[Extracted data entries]
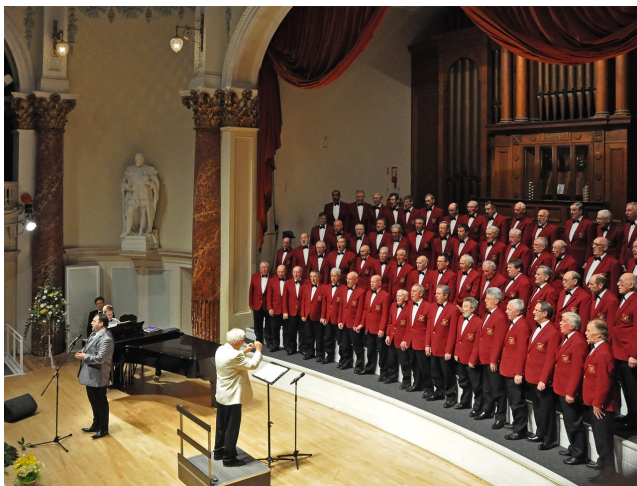
Wynne Evans and the Dursley Male Voice Choir performing at Cheltenham Town Hall for the concert in aid of Hope for Tomorrow

On Saturday 23rd March, the Dursley Male Voice Choir performed a magnificent concert in aid of Hope for Tomorrow. Also performing was Wynne Evans, the Welsh tenor who is known for being the face and voice of the advert comparison website GoCompare.com, playing the flamboyant character 'Gio Compario'. They sang a variety of songs from 'You Raise Me Up' to 'Love Changes Everything' and Wynne even performed 'The Lord's Prayer' in Welsh. It was a memorable evening for everyone involved, with supporters coming from all over Gloucestershire.
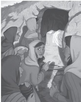
Lesson 1 Visual 1

DISPLAY: Show visual picture 3 or PowerPoint visual 3.
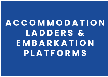
ACCOMMODATION LADDERS & EMBARKATION PLATFORMS
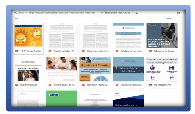
Figure C: HITP Resource Library

In addition to monthly meetups, Department staff issued a monthly newsletter for grantees to provide multiple channels of communication for the large networks of diverse participants. Monthly newsletters included updates on CDE operations, and other resources such as additional grant opportunities, relevant research/toolkits, conferences, and professional development. Staff also maintained a resources website, standing office hours, and one-on-one consultations for all grantees. Though these supports were constant and readily available, CDE staff expect growth in engagement in the coming years as the preliminary phase of implementation yielded high-quality but low-volume interactions.
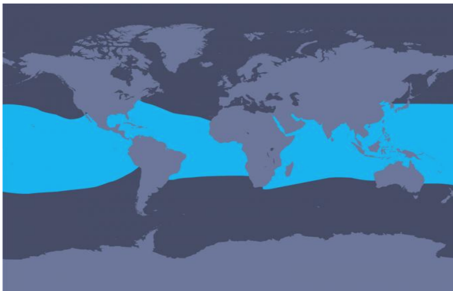
Fig. 3. Distribution of Stenella longirostris (blue) across the four subspecies.

[ http://namu-the-orca.deviantart.com/art/The-spinner-dolphins-259047360 downloaded 2 October 2015]

▶ **Your assignment**: When a line in the data contains the string "coming", copy that line.

▶ **Solution for this problem**:
On Saturday 23rd March, the Dursley Male Voice Choir performed a magnificent concert in aid of Hope for Tomorrow. Also performing was Wynne Evans, the Welsh tenor who is known for being the face and voice of the advert comparison website GoCompare.com, playing the flamboyant character 'Gio Compario'. They sang a variety of songs from 'You Raise Me Up' to 'Love Changes Everything' and Wynne even performed 'The Lord's Prayer' in Welsh. It was a memorable evening for everyone involved, with supporters coming from all over Gloucestershire.
In addition to monthly meetups, Department staff issued a monthly newsletter for grantees to provide multiple channels of communication for the large networks of diverse participants. Monthly newsletters included updates on CDE operations, and other resources such as additional grant opportunities, relevant research/toolkits, conferences, and professional development. Staff also maintained a resources website, standing office hours, and one-on-one consultations for all grantees. Though these supports were constant and readily available, CDE staff expect growth in engagement in the coming years as the preliminary phase of implementation yielded high-quality but low-volume interactions.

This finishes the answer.